Of particular note, NeuBase reported that its compound crosses the blood-brain barrier and into key deep brain structures, including the caudate, which supports a key capability for development of its lead program in Huntington’s Disease. That’s a significant accomplishment. Anything larger than 400 Daltons presents a low probability that you’ll get into the brain. Many, or most of these genetic therapies are significantly bigger than that. NeuBase’s drugs, for example, range from 2,000 to 4,000 Daltons. They don’t move passively across the blood-brain barrier. “We had to invent a targeting chemistry that could actively move these things into the brain, and we proved that we could do that with the data set we release in March,” says Dr. Stephan. “We're quite excited about being able to deliver drugs to the brain, where many of these genetic diseases manifest.”

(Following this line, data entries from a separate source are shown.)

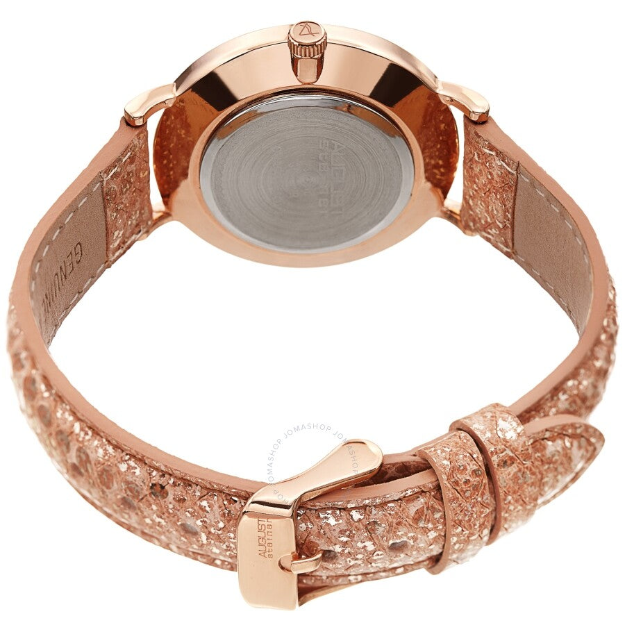 Rose gold-tone composite metal case with a pink (snakeskin pattern) leather strap. Fixed rose gold-tone composite metal bezel. White dial with rose gold-tone hands and Swarovski crystal hour markers. Dial Type: Analog. Quartz movement. Scratch resistant mineral crystal. Pull / push crown. Solid case back. Round case shape. Case size: 35 mm. Case thickness: 7.9 mm. Band width: 16 mm. Band length: 7.25 inches. Tang clasp. Water resistant at 30 meters / 100 feet. Functions: hour, minute, second. Fashion watch style. August Steiner Quartz Crystal White Dial Ladies Watch AS8258RG.
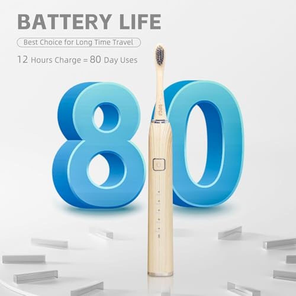 - RECHARGEABLE BAMBOO ELECTRIC TOOTHBRUSH - This bamboo toothbrush is fully charged once, and you can use for 11-12 weeks(use twice a day calculation), you dont need to charge frequently. It can maintain the best state in daily or journey, so that you can say goodbye to the trouble of no electricity.
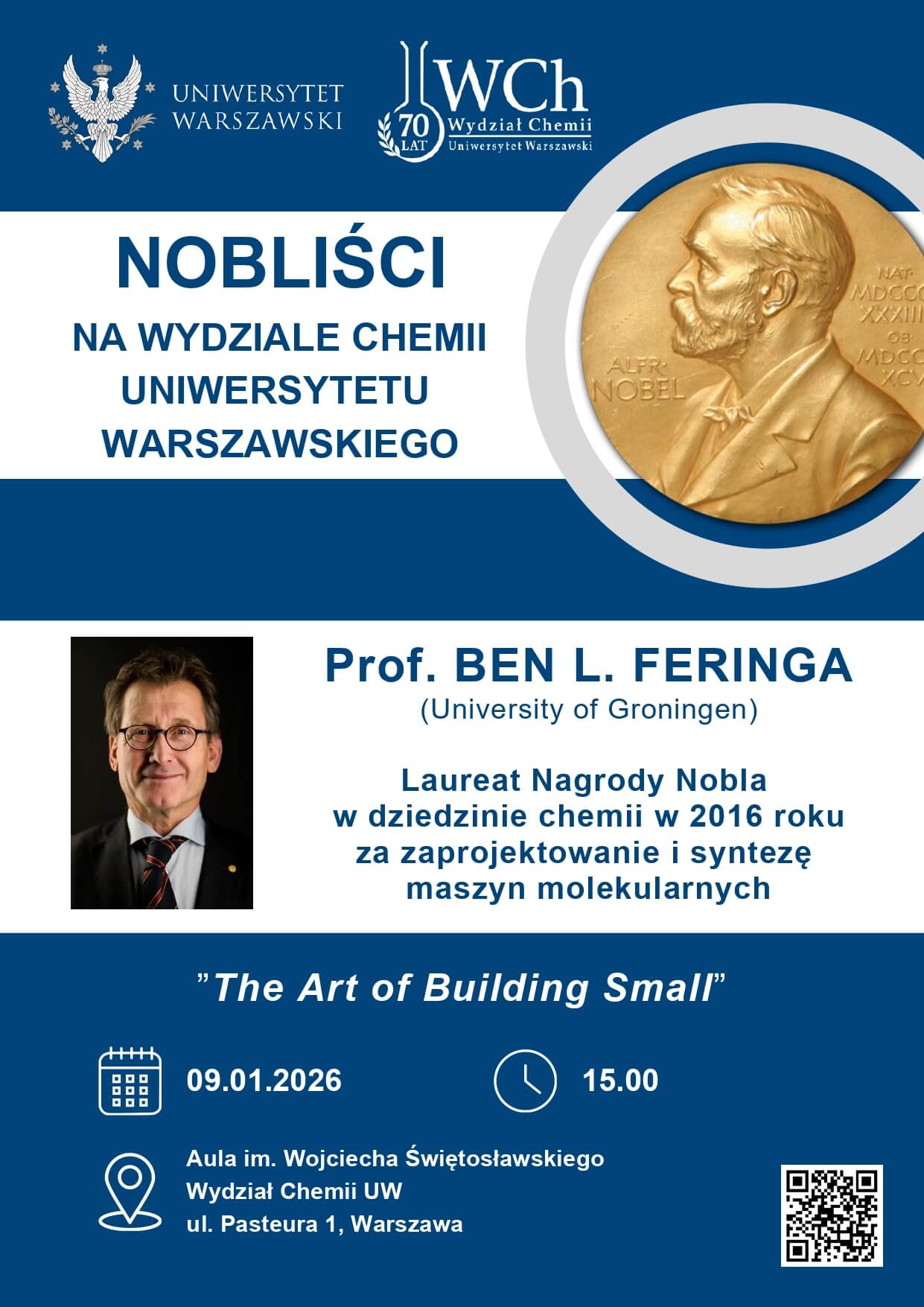 On January 9th at 3:00 PM, Prof. Ben L. FeringaNobel Laureate in Chemistry — will give a lecture titled “The Art of Building Small” in the main auditorium of the Faculty of Chemistry at the University of Warsaw.
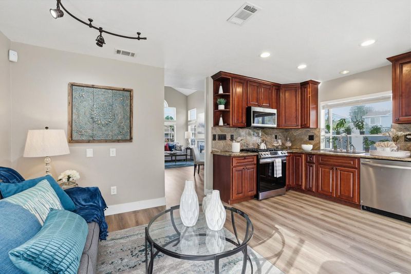 Beautifully upgraded corner lot home with drought resistant plants, great curb appeal! Vaulted ceiling, abundant windows to flood with natural lights. New waterproof durable fiber wood flooring throughout. Completely updated bathrooms. Walk in shower. Central heating and A/C to enjoy your home all year round. Two alternating reusable air filter for the HVAC system. Osmosis water filter in kitchen. Mirror closet doors & large mirrors in dining give spacious feeling. Gas fireplace with option for wood burning. Schlage locks. Single key to access house, both sheds, gates. Alarm and camera system. Wall fence for highest privacy. Large low maintenance backyard to enjoy the outdoors in peace or entertain special guests. Great for BBQ. Super secure Medco lock mailbox. Custom decorative security gates. Double swing side gate to fit mini-RV trailer in the side yard, ready sewer hookup. Discreet pet relieve area. Conveniently located near variety of shops, Costco, Ranch 99, H-Mart, Sprouts, great restaurants from casual eating to fine dining, gourmet coffee & tea. Minutes to the post office, Great Mall, the Flea Market, VTA, BART, SJ Municipal Golf Course, SJ Int'l airport. Walk to Townsend Park with workout stations, tennis courts, children's playgrounds.

Big Data, Computational Power Key To Discovery

Getting back to that mainframe-versus-digital pharma reference, Dr. Stephan lauds the role computing power and big data analytics are playing in the development of these designer therapies at NeuBase. “We’re running on the rails of the billions of dollars that were invested in the human genome project, an investment that made it possible to sift through the genomes of millions of people, databasing them, and also on the rails of investments to make genetic testing ubiquitous and accessible.” At 6 billion letters per person across billions of people, that’s big, big data. “There’s a compute component to actually identifying a mutant sequence you want to target, and then designing these drugs,” says Dr. Stephan. “You can pick a specific sequence in the genome you want to target, but then you have to make sure that sequence is not present anywhere else in the genome that might cause the drug to stick there,” he explains. “Once we have a series of drugs that we've screened with activity data and cytotoxicity data, we apply machine learning to understand the attributes of those drugs and allow us to engineer out the off-target effects to give it the performance we want.”

Born At The Intersection Of DNA Sequencing And Silicon Valley

Dr. Stephan’s distinguished career was motivated by the loss of his mother at a young age. Asked how that loss shaped his scientific worldview—why he became a human geneticist—he responds with words so simple that they catch me off guard coming from a man of his intellect and stature.

“I don't like it when people get sick and die.”

That’s why Dr. Stephan has spent his career working alongside leaders intertwined in the life sciences and high tech communities. He helped build the national infrastructure for genetic testing as part of the publicly funded human genome project, which is helping doctors and their patients get access to the specific mutations that cause diseases. In his ensuing endeavors up to and including NeuBase, (he’s founded or cofounder 14 other biotechs), he’s been focused on the development of precision genetic therapies, leaning hard into technology and data to do much of the heavy lifting.